=== DATA EXCERPTS ===

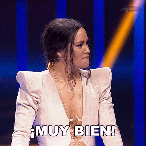 Cristina Pedroche enthusiastically exclaims '¡Muy Bien!' on stage during the show Password.
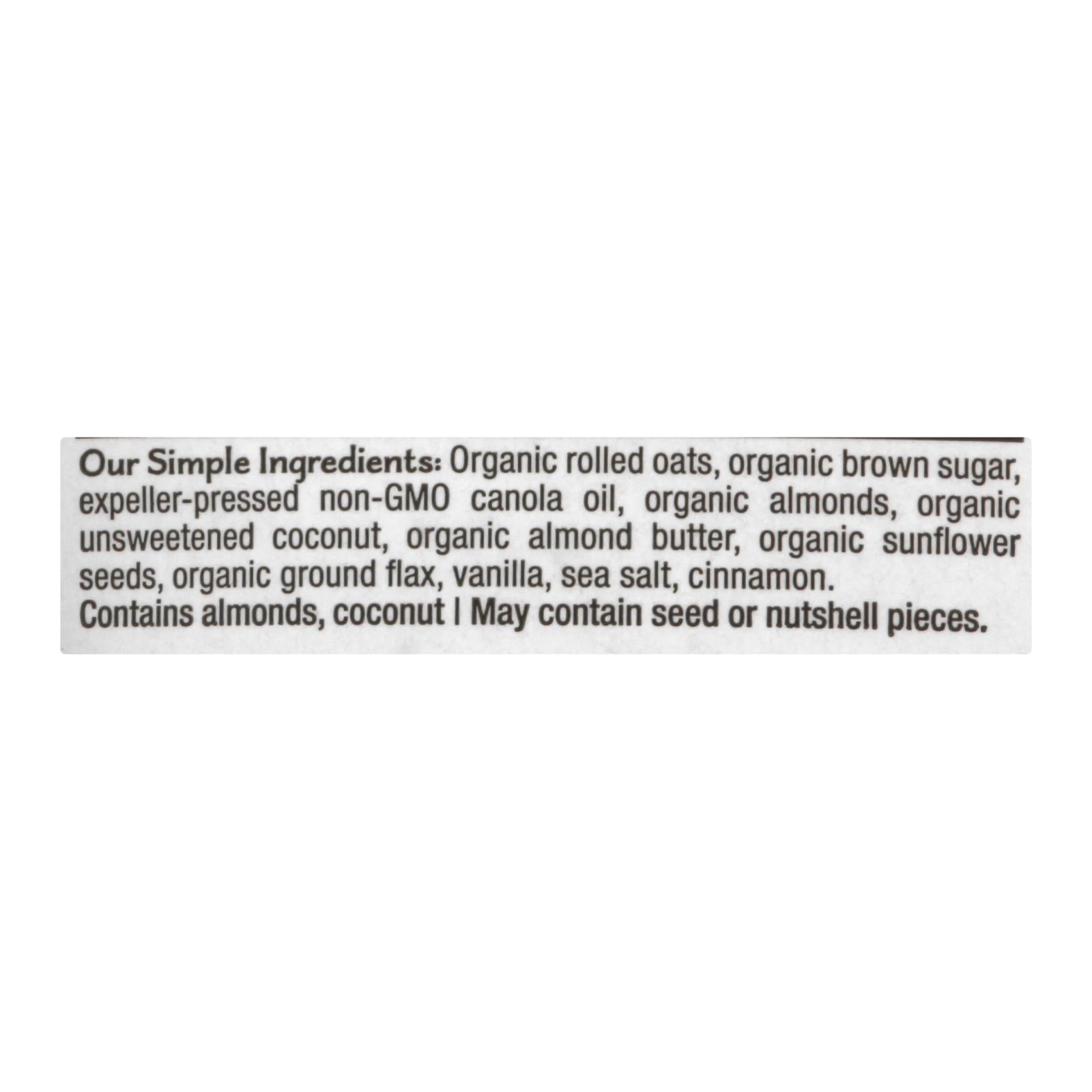 ingredients : organic gluten-free oats;organic brown sugar;expeller-pressed non-gmo canola oil;almonds;organic unsweetened coconut;almond butter;organic sunflower seeds;organic ground flax;pure vanilla extract;sea salt;cinnamon
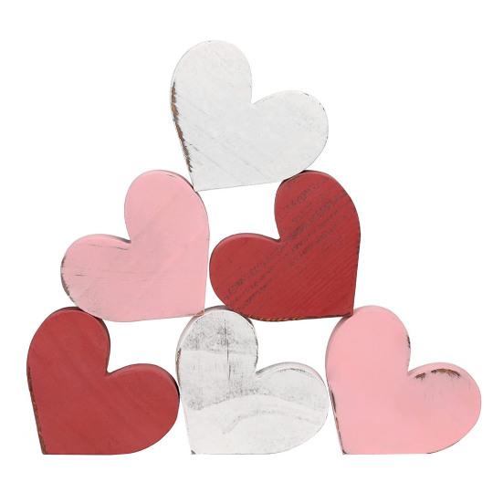 Полный набор для украшения ко Дню Святого Валентина: В этот набор входят 6 деревянных фигурок в форме сердец в классических цветах Дня святого Валентина: красном, розовом и белом.. Эти декоративные блоки, обладающие очарованием деревенского дома, мгновенно украсят ваш интерьер, создав уютную и праздничную атмосферу на многоярусных подносах, каминных полках или в прихожих.
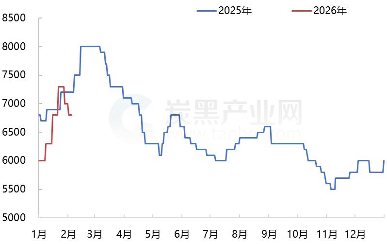 炭黑N330价格走势对比图(元/吨)
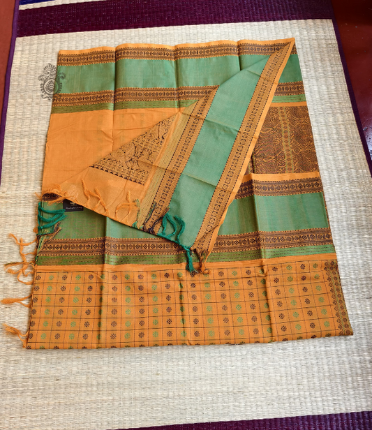 Handwoven Pure Cotton Kanchipuram Saree Turmeric Yellow
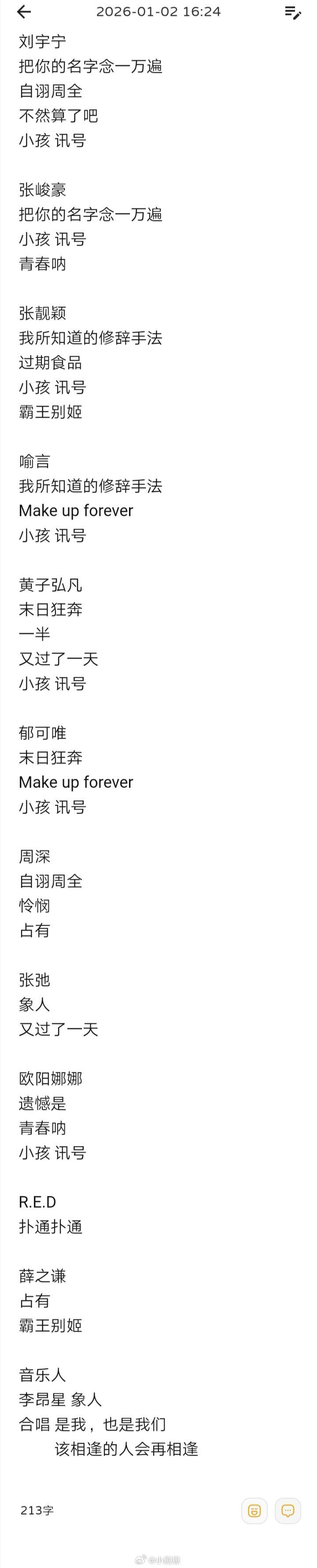 统计了一下每位歌手演唱的曲目期待盛典!!有点遗憾薛没有独唱...(曲目基本按节目单顺序)
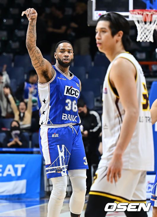 26일 부산 사직체육관에서 2025-2026 LG전자 프로농구 부산 KCC와 창원 LG의 경기가 열렸다. 7연승을 달리고 있는 KCC가 부상 악재 속에서도 허훈을 앞세워 유기상·마레이·타마요가 버티는 챔피언 LG를 상대로 2전3기 끝 승리에 도전한다. 부산 KCC 숀롱이 4쿼터 연장전에 돌입하게 만든 동점 3점슛을 성공시키고 세리머니를 하고 있다. 2025
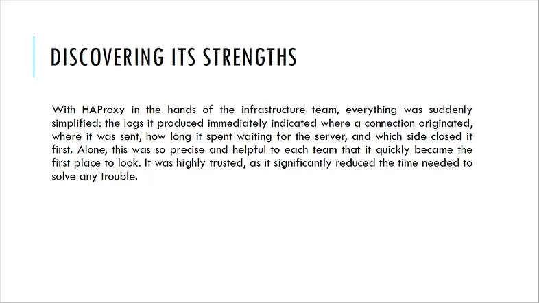 基礎設施團隊有了 HAPrxoy 之後,一切都變得簡單起來。它產生的日誌立即表明了連結的來源,發送到哪裡,等待伺服器花了多長的時間,以及伺服器端與使用者端哪一方先關閉了它,顯著地改善解決問題所需的時間。
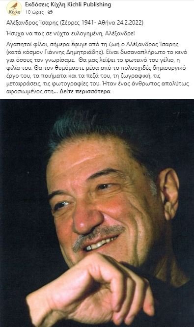 Αγαπητοί φίλοι, σήμερα έφυγε από τη ζωή ο Αλέξανδρος Ίσαρης (κατά κόσμον Γιάννης Δημητριάδης). Είναι δυσαναπλήρωτο το κενό για όσους τον γνωρίσαμε. Θα μας λείψει το φωτεινό του γέλιο, η φιλία του. Θα τον θυμόμαστε μέσα από το πολυσχιδές δημιουργικό έργο του, τα ποιήματα και τα πεζά του, τη ζωγραφική, τις μεταφράσεις, τις φωτογραφίες του. Ήταν ένας άνθρωπος απολύτως αφοσιωμένος στην Τέχνη.

===

*PROBLEM DESCRIPTION:* Images are to be omitted; repeat the remaining data above exactly.

*SOLUTION FOR THIS TASK:*
 Cristina Pedroche enthusiastically exclaims '¡Muy Bien!' on stage during the show Password.
 ingredients : organic gluten-free oats;organic brown sugar;expeller-pressed non-gmo canola oil;almonds;organic unsweetened coconut;almond butter;organic sunflower seeds;organic ground flax;pure vanilla extract;sea salt;cinnamon
 Полный набор для украшения ко Дню Святого Валентина: В этот набор входят 6 деревянных фигурок в форме сердец в классических цветах Дня святого Валентина: красном, розовом и белом.. Эти декоративные блоки, обладающие очарованием деревенского дома, мгновенно украсят ваш интерьер, создав уютную и праздничную атмосферу на многоярусных подносах, каминных полках или в прихожих.
 炭黑N330价格走势对比图(元/吨)
 Handwoven Pure Cotton Kanchipuram Saree Turmeric Yellow
 统计了一下每位歌手演唱的曲目期待盛典!!有点遗憾薛没有独唱...(曲目基本按节目单顺序)
 26일 부산 사직체육관에서 2025-2026 LG전자 프로농구 부산 KCC와 창원 LG의 경기가 열렸다. 7연승을 달리고 있는 KCC가 부상 악재 속에서도 허훈을 앞세워 유기상·마레이·타마요가 버티는 챔피언 LG를 상대로 2전3기 끝 승리에 도전한다. 부산 KCC 숀롱이 4쿼터 연장전에 돌입하게 만든 동점 3점슛을 성공시키고 세리머니를 하고 있다. 2025
 基礎設施團隊有了 HAPrxoy 之後,一切都變得簡單起來。它產生的日誌立即表明了連結的來源,發送到哪裡,等待伺服器花了多長的時間,以及伺服器端與使用者端哪一方先關閉了它,顯著地改善解決問題所需的時間。
 Αγαπητοί φίλοι, σήμερα έφυγε από τη ζωή ο Αλέξανδρος Ίσαρης (κατά κόσμον Γιάννης Δημητριάδης). Είναι δυσαναπλήρωτο το κενό για όσους τον γνωρίσαμε. Θα μας λείψει το φωτεινό του γέλιο, η φιλία του. Θα τον θυμόμαστε μέσα από το πολυσχιδές δημιουργικό έργο του, τα ποιήματα και τα πεζά του, τη ζωγραφική, τις μεταφράσεις, τις φωτογραφίες του. Ήταν ένας άνθρωπος απολύτως αφοσιωμένος στην Τέχνη.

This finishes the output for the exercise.